With respect to a production method of the vehicle rim 1, it should be noted that following the wrapping of the fiber bundles 5 with the compression wrap 6, the fiber bundles 5 are sewn onto the fiber mat 11 in a typical manner. Following this sewing-on process, the fiber mat 11 together with the fiber bundles 5 is wound up multiple times, preferably the winding device 17 as shown in FIGS. 10 and 11 being used. The draping of the second rim flange area 3 b takes place in a way similar to the draping of the first rim flange area 3 a. The rim flange areas 3 a and 3 b are then connected to the rim bed area 4 according to FIG. 9 and consolidated to form the rim body 2. More specifically, a binder powder is used to produce the rim body 2/join the subpreforms 23, 24, 25. A resin is then added during an injection of the already assembled subpreforms 23, 24, 25 (preform), implementing an RTM injection.

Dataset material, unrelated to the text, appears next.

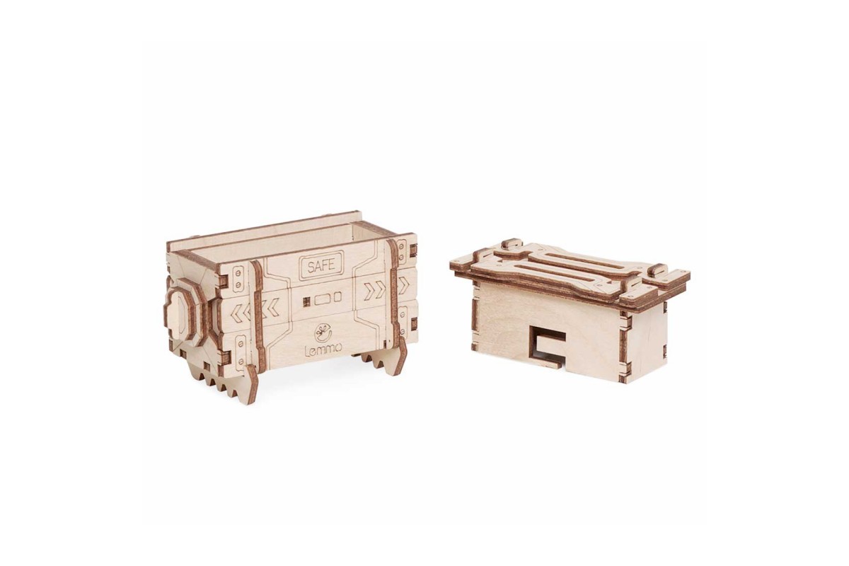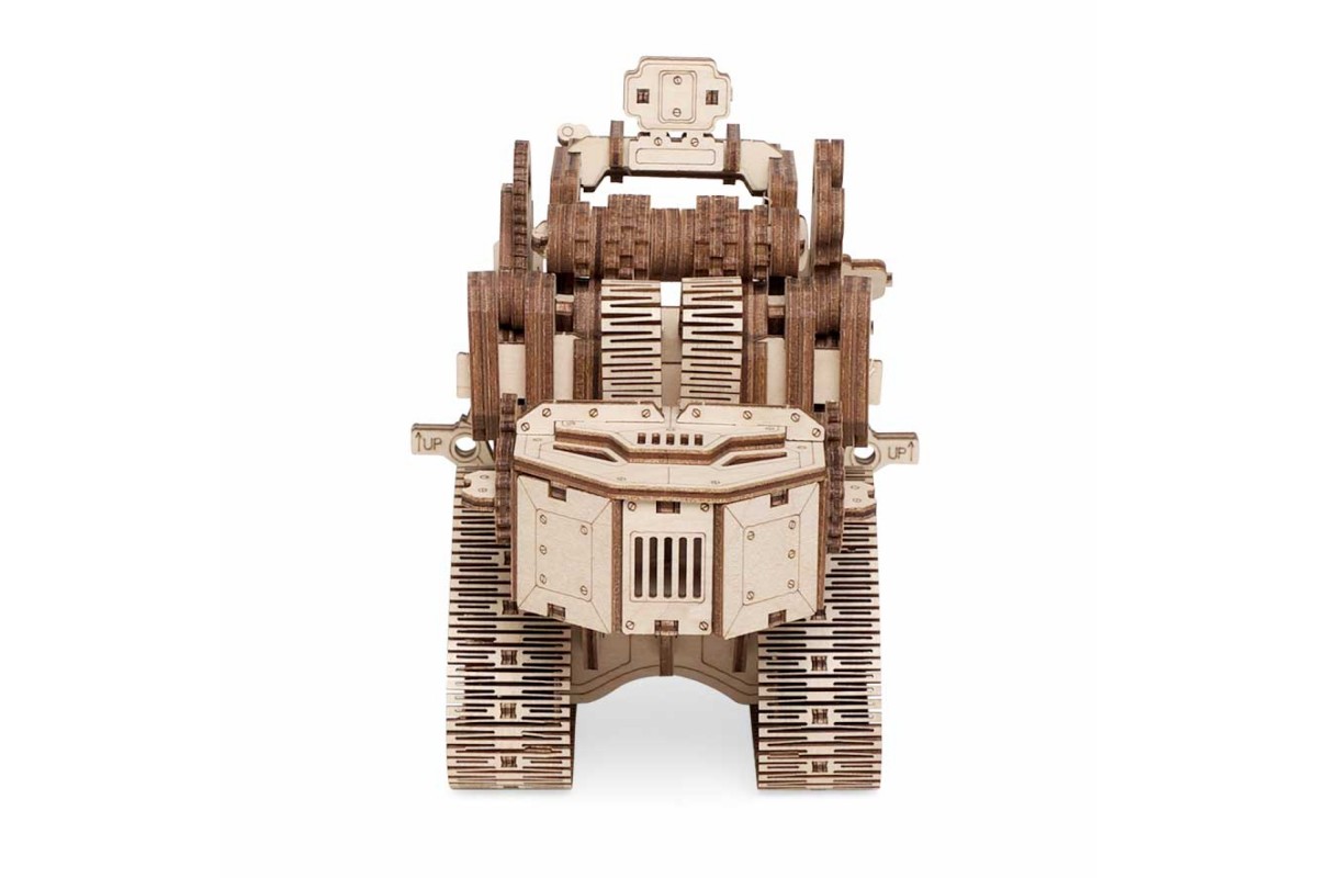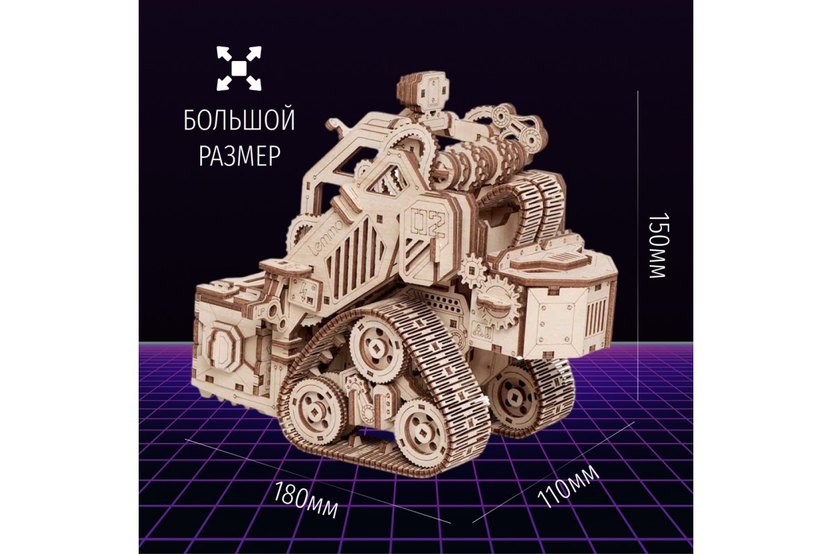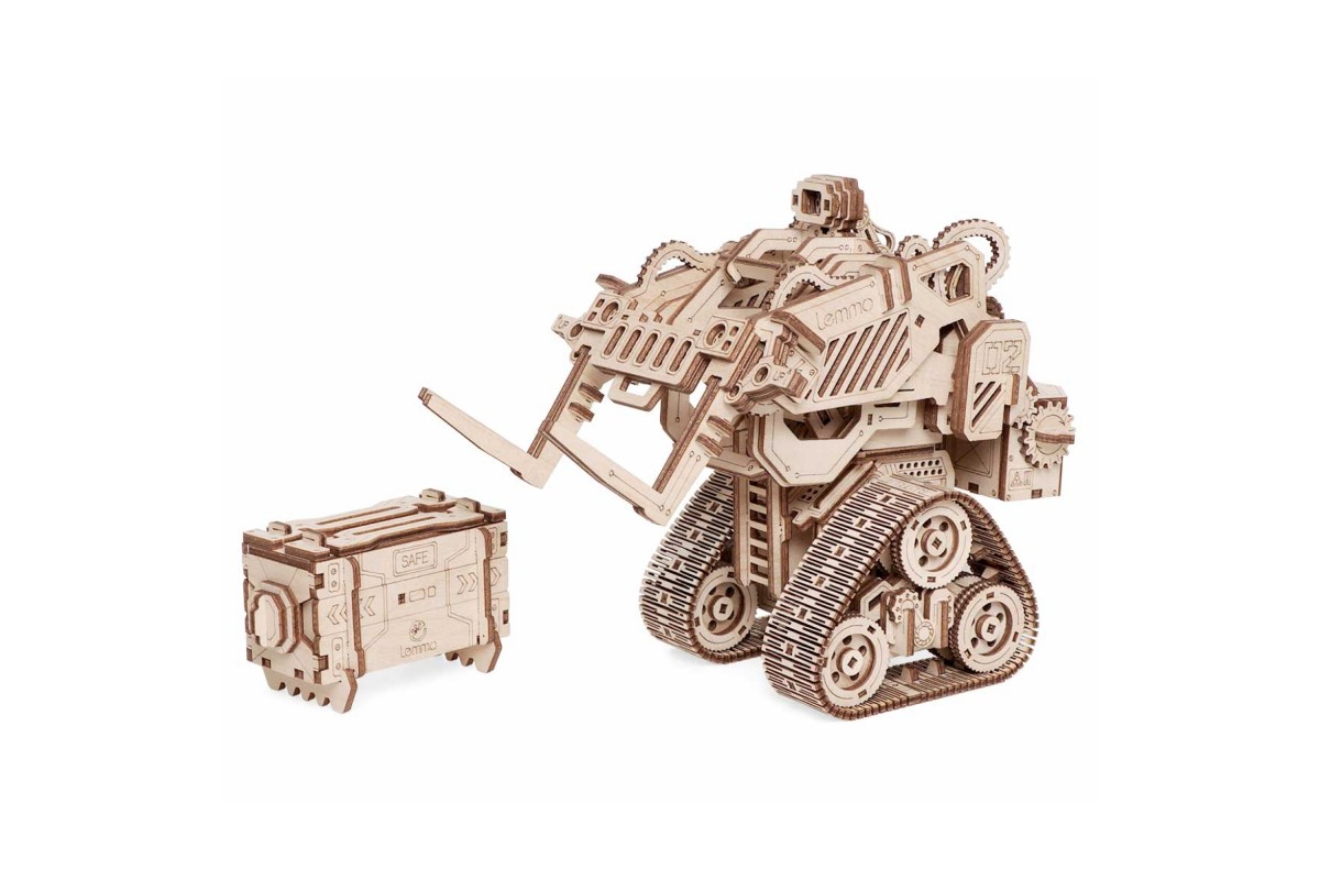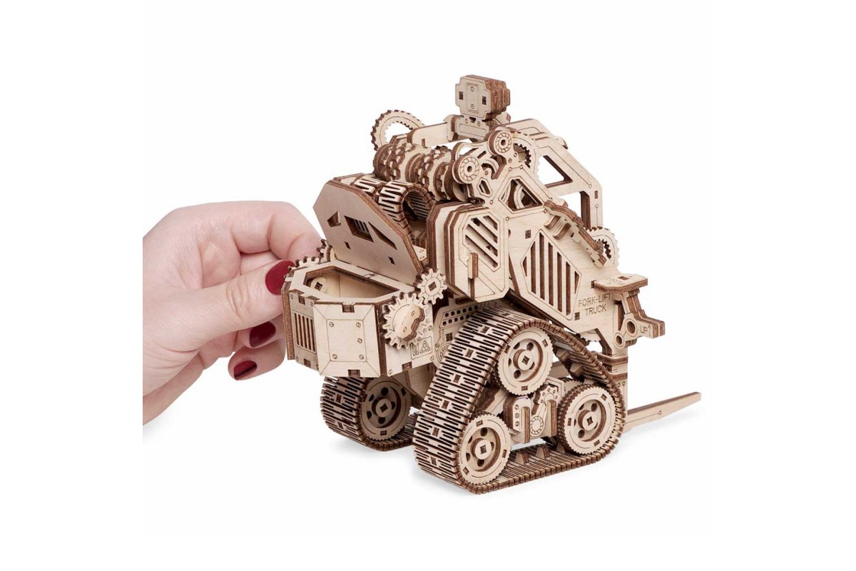 Собирайте вместе с детьми деревянный конструктор с потрясающей детализацией и играйте со множеством подвижных деталей, ведь он как терминатор. У собранной модели вращаются гусеницы, открывается крышка короба и кабина водителя, поднимается и опускается вилочный захват. Сейф-головоломка открывается путём определенной последовательности.

The binder powder then dissolves in the resin mixture during injection.

LIST OF REFERENCE SIGNS

1 vehicle rim
2 rim body
3 a first rim flange area
3 b second rim flange area
4 rim bed area
5 fiber bundle
5 a first fiber bundle
5 b second fiber bundle
6 compression wrap
7 thread
8 a first crossing point
8 b second crossing point
9 distance
10 surface line
11 fiber mat
12 fiber bundle portion
13 longitudinal axis
14 fiber mat portion
15 enveloping device
16 spindle carrier
17 winding device
18 seam
19 winding roller
20 vehicle wheel
21 hub body
22 spoke unit
23 first subpreform
24 second subpreform
25 third subpreform
26 roller

Claims

1. A vehicle rim having a rim body made from a fiber composite material, the rim body having two rim flange areas and a rim bed area connecting the two rim flange areas, and at least one rim flange area being reinforced by at least one fiber bundle, wherein the at least one fiber bundle is surrounded by a compression wrap.

2. The vehicle rim according to claim 1, wherein the at least one fiber bundle is twisted.

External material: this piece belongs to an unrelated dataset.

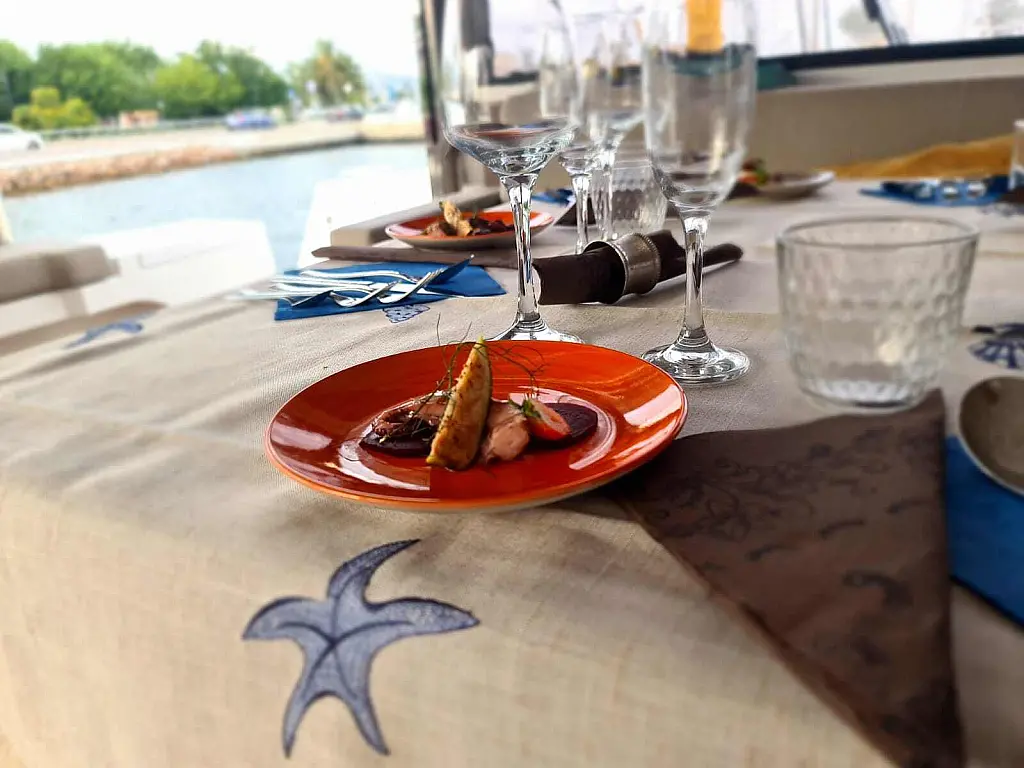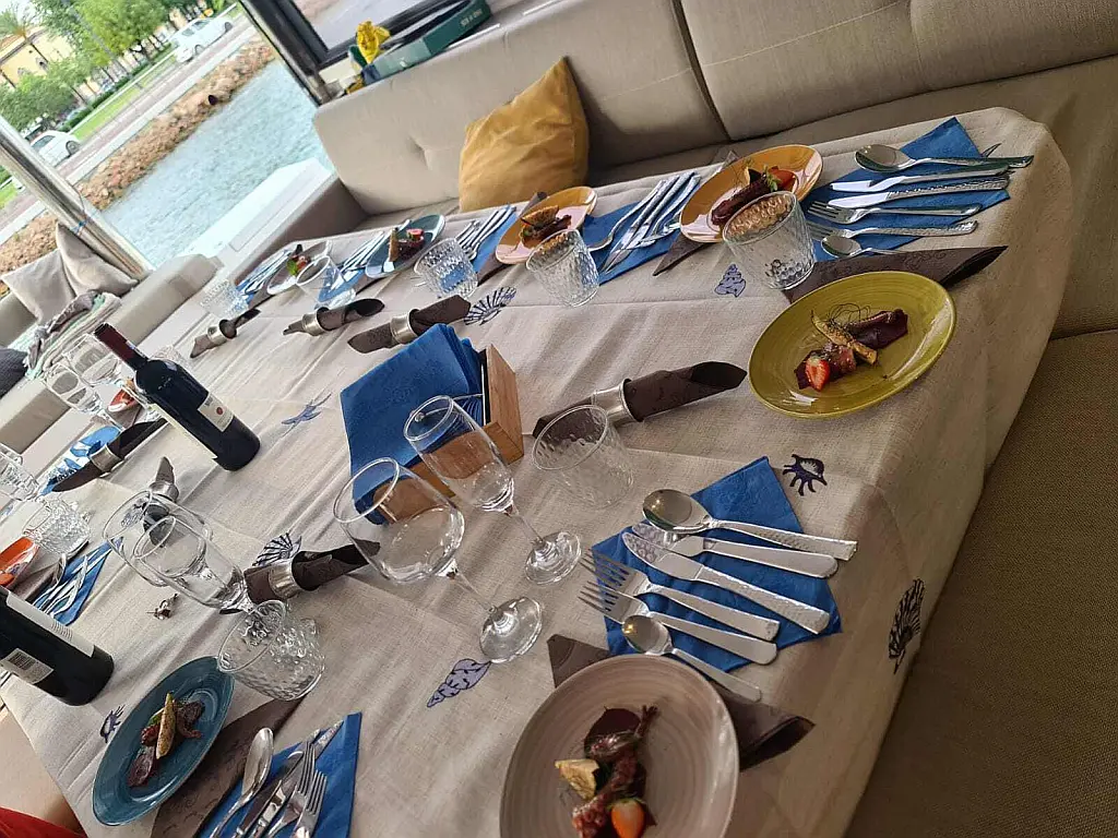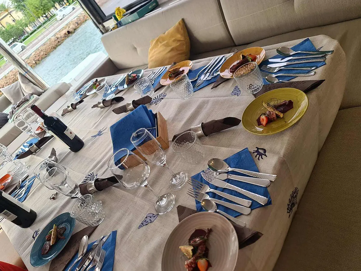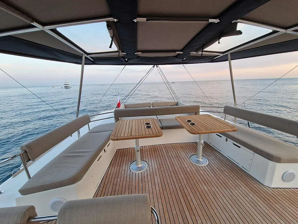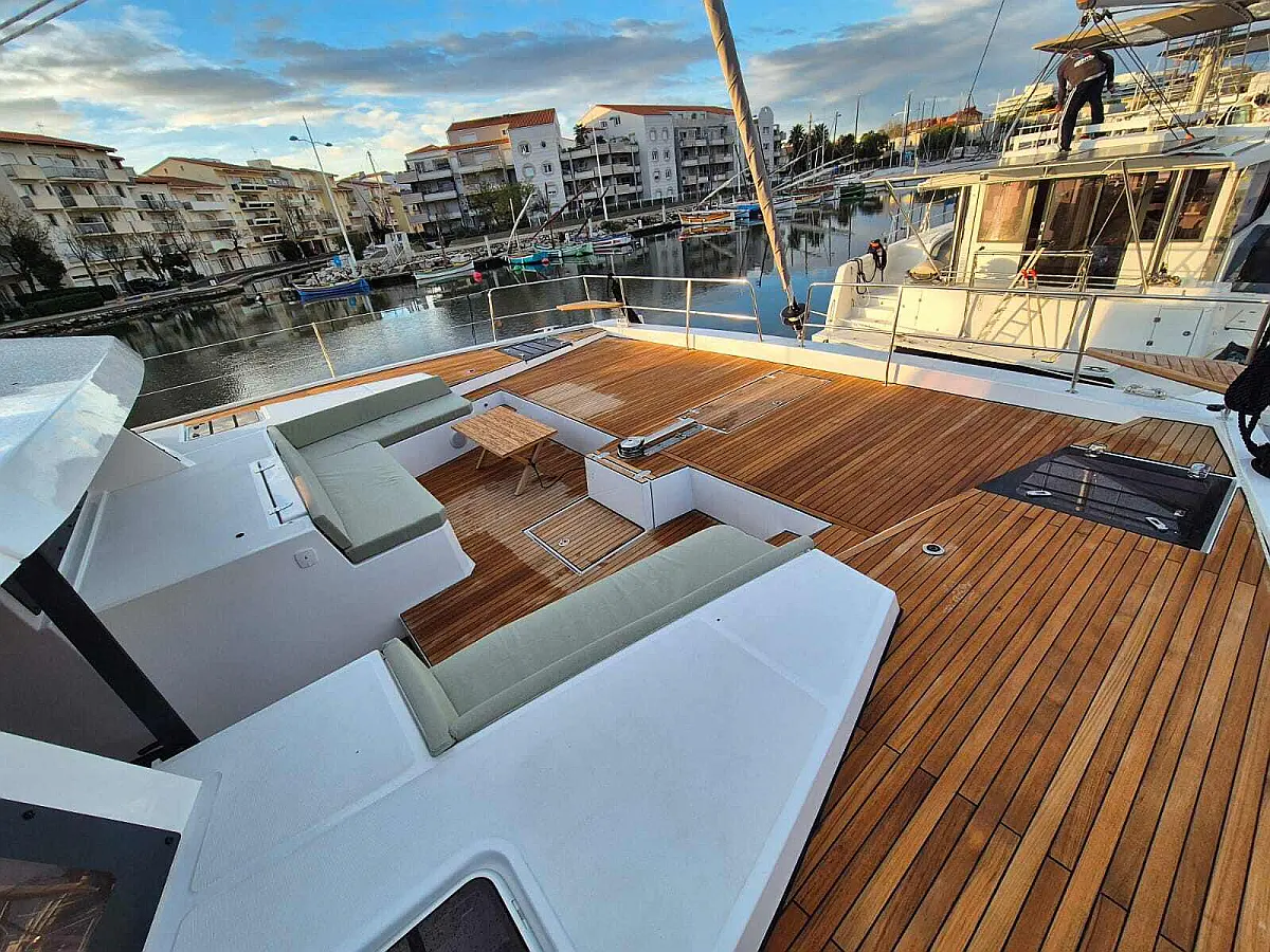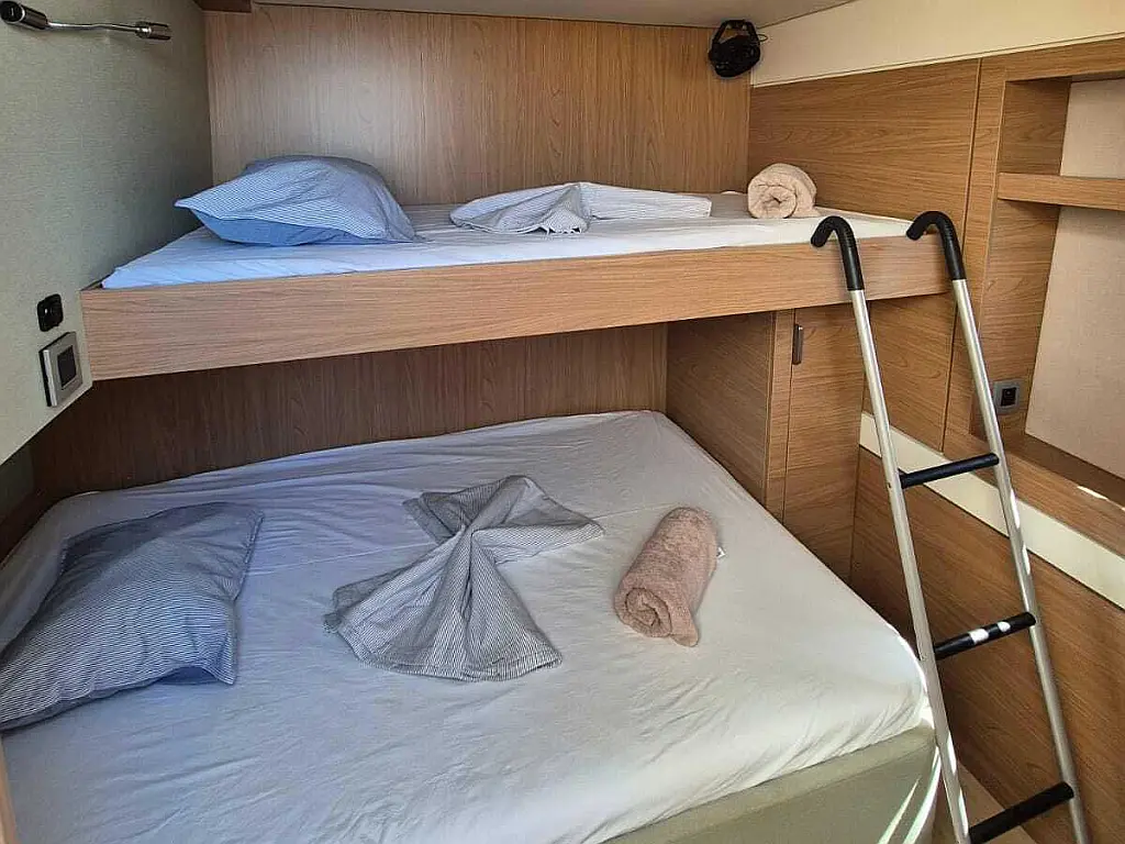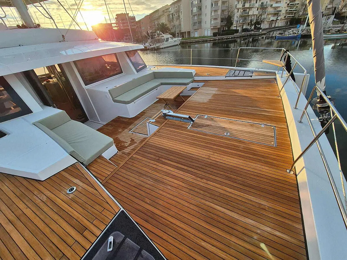 Cockpit cushions, 12V socket, Cockpit table, Air condition, Dinghy, Dishwasher, Electric anchor windlass, Freezer, Refrigerator, Fans, Fishing rods, Fully equipped kitchen, Generator, BBQ, Bluetooth Radio, Nespresso coffee machine, Snorkeling equipment, SUP, Teak deck, TV, Underwater scooter, Teak cockpit, Washing machine, Water maker, Water toys

3. The vehicle rim according to claim 1, wherein the compression wrap is made as an envelopment or a braid.

4. The vehicle rim according to claim 1, wherein the compression wrap has at least two intersecting threads.

5. The vehicle rim according to claim 4, wherein a distance between two crossing points of the at least two threads directly following one another along a surface line of the at least one fiber bundle is between 2 mm and 8 mm.

6. The vehicle rim according to claim 1, wherein the compression wrap is made by glass fibers or thermoplastic fibers.

7. The vehicle rim according to claim 1, wherein the at least one fiber bundle is sewn onto a fiber mat, which helps to form the at least one rim flange area.

8. The vehicle rim according to claim 1, wherein the at least one rim flange area has multiple fiber bundles arranged axially and/or radially next to one another.

9. The vehicle rim according to claim 1, wherein the at least one rim flange area has multiple radially nested fiber bundle portions.

10. A vehicle wheel with a vehicle rim according to claim 1 and a spoke unit connected to the rim body and extending to a hub body.

11. A method for producing a vehicle rim having a rim body made from a fiber composite material, at least one fiber bundle being made available, which is provided with a compression wrap while experiencing compression, whereupon the at least one fiber bundle is sewn onto a fiber mat, the fiber mat is draped with the at least one fiber bundle to form a rim flange area, and finally the rim body is cured.